CU Boulder scientists hail Juno's entry into Jupiter's orbit
Charlie Brennan Daily Camera
As fireworks were taking place Monday night on Earth, numerous pairs of eyes belonging to scientists at the University of Colorado were more closely fixed on celestial pyrotechnics some 1.7 billion miles away.
The NASA spacecraft Juno was successfully inserted into Jupiter's orbit at 9:53 p.m. MDT Monday — just 7 minutes before the big holiday display began at Folsom Field. For the team led by Fran Bagenal at CU's Laboratory for Atmospheric and Space Physics, choosing between the two aerial shows was no contest.
"I was in an auditorium with about 400 other scientists and friends and family, all cheering and jumping up and down. It was great," Bagenal said.
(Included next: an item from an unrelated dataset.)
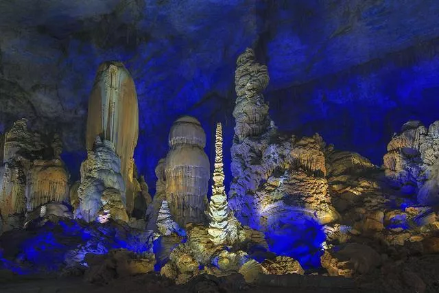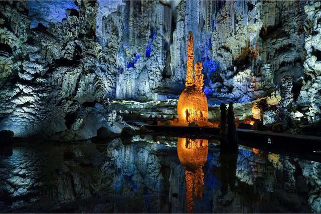 織金洞風(fēng)景區(qū)位于貴州省織金縣境內(nèi),分為織金古城、織金洞、結(jié)河峽谷、洪家渡等四大部分??椊鸲词窃摼皡^(qū)的精華,屬于高旱位溶洞,是一多層次、多階段、多類型的巖溶洞穴。這是一個奇妙的地下世界。洞內(nèi)巖溶生長獨(dú)特,景物規(guī)模宏大,雄偉壯觀,千姿百態(tài)。洞內(nèi)有各種奇形怪狀的石柱、石幔、石花等,組成奇特景觀,身臨其境如進(jìn)入神話中的奇幻世界。

Bagenal, who co-chairs the Juno Magnetospheric Working Group for NASA and is coordinating many of the mission's science observations, was at NASA's Jet Propulsion Laboratory in Pasadena, Calif., which is managing the $1.1 billion Juno enterprise. She returns to Boulder on Wednesday.
Juno scientists hope the ensuing exploration of the gaseous giant — conducted through orbiting Jupiter's poles 33 times at about 3,000 miles above its surface — will reveal far more than has ever been known about its hidden interior and also provide answers as to how our own solar system was formed.
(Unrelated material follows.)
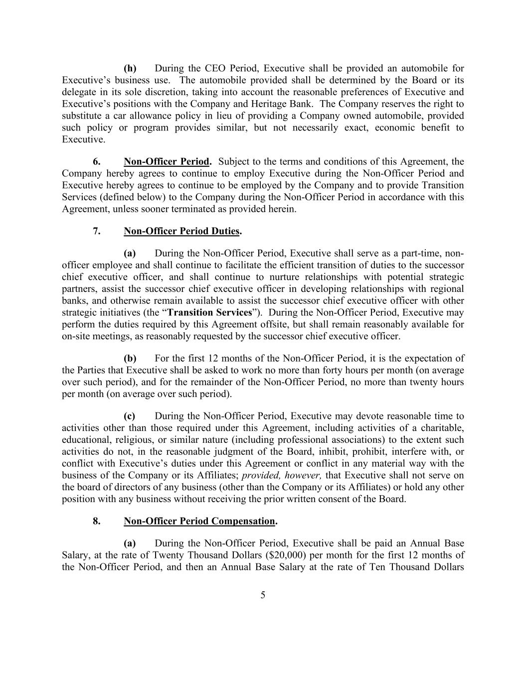 5 (h) During the CEO Period, Executive shall be provided an automobile for Executive’s business use. The automobile provided shall be determined by the Board or its delegate in its sole discretion, taking into account the reasonable preferences of Executive and Executive’s positions with the Company and Heritage Bank. The Company reserves the right to substitute a car allowance policy in lieu of providing a Company owned automobile, provided such policy or program provides similar, but not necessarily exact, economic benefit to Executive. 6. Non-Officer Period. Subject to the terms and conditions of this Agreement, the Company hereby agrees to continue to employ Executive during the Non-Officer Period and Executive hereby agrees to continue to be employed by the Company and to provide Transition Services (defined below) to the Company during the Non-Officer Period in accordance with this Agreement, unless sooner terminated as provided herein. 7. Non-Officer Period Duties. (a) During the Non-Officer Period, Executive shall serve as a part-time, non- officer employee and shall continue to facilitate the efficient transition of duties to the successor chief executive officer, and shall continue to nurture relationships with potential strategic partners, assist the successor chief executive officer in developing relationships with regional banks, and otherwise remain available to assist the successor chief executive officer with other strategic initiatives (the “Transition Services”). During the Non-Officer Period, Executive may perform the duties required by this Agreement offsite, but shall remain reasonably available for on-site meetings, as reasonably requested by the successor chief executive officer. (b) For the first 12 months of the Non-Officer Period, it is the expectation of the Parties that Executive shall be asked to work no more than forty hours per month (on average over such period), and for the remainder of the Non-Officer Period, no more than twenty hours per month (on average over such period). (c) During the Non-Officer Period, Executive may devote reasonable time to activities other than those required under this Agreement, including activities of a charitable, educational, religious, or similar nature (including professional associations) to the extent such activities do not, in the reasonable judgment of the Board, inhibit, prohibit, interfere with, or conflict with Executive’s duties under this Agreement or conflict in any material way with the business of the Company or its Affiliates; provided, however, that Executive shall not serve on the board of directors of any business (other than the Company or its Affiliates) or hold any other position with any business without receiving the prior written consent of the Board. 8. Non-Officer Period Compensation. (a) During the Non-Officer Period, Executive shall be paid an Annual Base Salary, at the rate of Twenty Thousand Dollars ($20,000) per month for the first 12 months of the Non-Officer Period, and then an Annual Base Salary at the rate of Ten Thousand Dollars

The suspense, as Juno — the size of a Volkswagen but with three solar panels giving it a 65-foot-plus diameter -— slipped through intense radiation belts and skimmed over Jupiter's clouds at almost 130,000 mph, was considerable.
"I was very nervous. I was thinking, what's going to happen, what's going to happen?" Bagenal said. "A lot of things could go wrong. It's a place we had never explored before. The hazards were substantial.
"It is very strong radiation environment, very close to the planet, and we had to thread between the radiation belt on the outside and clouds on the inside, and we're going through this narrow slot and not really knowing where the edges of the slot were, and would the radiation be harmful to spacecraft?"
Also feeling the tension was LASP professor Robert Ergun, an expert on Earth's magnetosphere and associated polar auras, who will be among those analyzing data as it is returned from Juno in coming weeks and months to compare Jupiter's physical processes with those of our own planet.
"This is the most critical maneuver that the mission goes through," Ergun said. "It's a major, 35-minute-long rocket burn, that has to be done solo by the spacecraft. We can't help it, because it takes 40 minutes to communicate to Jupiter and 40 minutes (for communications) to come back. So, you can't joystick it from Earth. There's just no way. All the decisions have to be called by the navigation system on board."
Surviving the intense radiation, the solar-powered spacecraft — built by Lockheed Martin Space Systems in Littleton — completed its five-year journey to Jupiter safely. Its entry into orbit circling Jupiter's poles was deemed flawless by mission control.
Juno's suite of nine scientific instruments were turned off during engine firing as Juno made its perilous approach, but will be turned back on Thursday. With that, a stream of data back to Earth will begin, and continue through Juno's planned termination with a dive into the planet's core in February 2018.
Kaleb Bodisch, an undergraduate employee of LASP starting his senior year this fall at CU as a dual astrophysics and computer science major, is one of five undergraduate and graduate student members of the Juno team at the university.
Part of Bodisch's assignment has been re-analyzing Voyager 1 and Voyager 2 data — applying new methods to get what he called a "time-evolved" picture of Jupiter — to learn how it might have changed from 1979 to 2016.
He has relished the chance to be a part of an historical benchmark in space exploration, contributing to a mission that launched Aug. 5, 2011, before he even enrolled at CU
"On top of studying solar system formation, we plan to look at plasma, magnetic field and electron data in order to enhance our knowledge of auroral processes both at Jupiter and at Earth," Bodisch explained. "From this data, we will better understand how gas and ions — both entering and leaving Jupiter's atmosphere — help to form the most intense aurora in the solar system."
On the near horizon, Bagenal is already anticipating Aug. 27, the next time Juno will orbit Jupiter's poles.
"We'll be getting fantastic observations, looking down on the aurora as we fly through the region where those aurora particles are accelerated and sent bombarding into the atmosphere," Bagenal said.
Bagenal has also worked on five other NASA planetary missions, including Galileo, which reached Jupiter in 1995, carrying two LASP instruments. CU has no instrument on board Juno, with its scientists serving strictly in a data analysis role. The excitement locally is nevertheless still keen.
"Juno's a great mission, and it's so far has been very successful," Ergun said. "Let the science begin."